Сюльпис содрогнулся.

— Уж, разумеется, жива, — сказал он, — разве люди умирают ни с того ни с сего…

— Она, бедная, так страдала!

Фермерша Брюле продолжала плакать. Сюльпис взял ее за руку.

— Вы, однако, должны сказать мне правду, матушка, — продолжал он, — я ведь не знал, зачем она убежала…

Фермерша опять испугалась. Сюльпис подошел к двери и посмотрел на двор — он был пуст. Сюльпис воротился к матери.

— Нас никто не слушает, — сказал он, — и если только вы не имеете ко мне недоверия…

— Недоверия! — вскричала фермерша Брюле. — Недоверия к тебе, мое бедное дитя! Ах, боже мой!..

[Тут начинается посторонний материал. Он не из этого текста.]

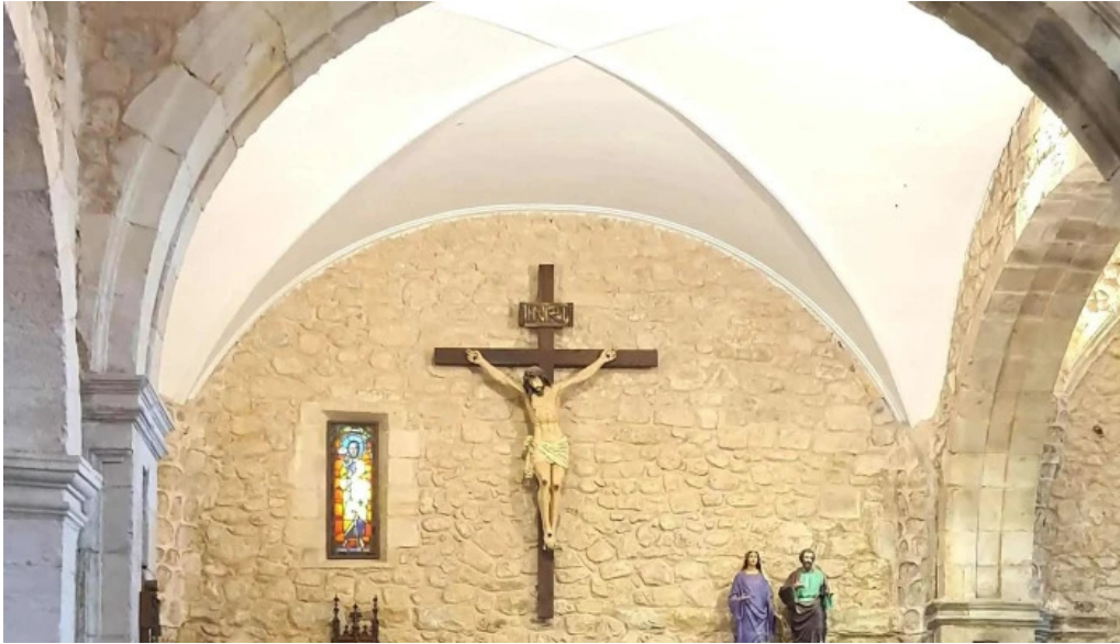
Iglesia san julian de uceda ubicacion

— Ну, когда так, матушка, — сказал Сюльпис, усадив мать у огня и сам сев возле нее, — тогда скажите мне, как это случилось.

Мамаша Брюле испуганно осмотрелась, потом сделала усилие и решилась излить сыну тайну своего сердца, сжигавшую и мучившую ее так давно.

— Помнишь ли ты то время, — начала она, — когда мадемуазель Берто де Верньер в замке Рош учила девушек петь для праздника Тела Господня?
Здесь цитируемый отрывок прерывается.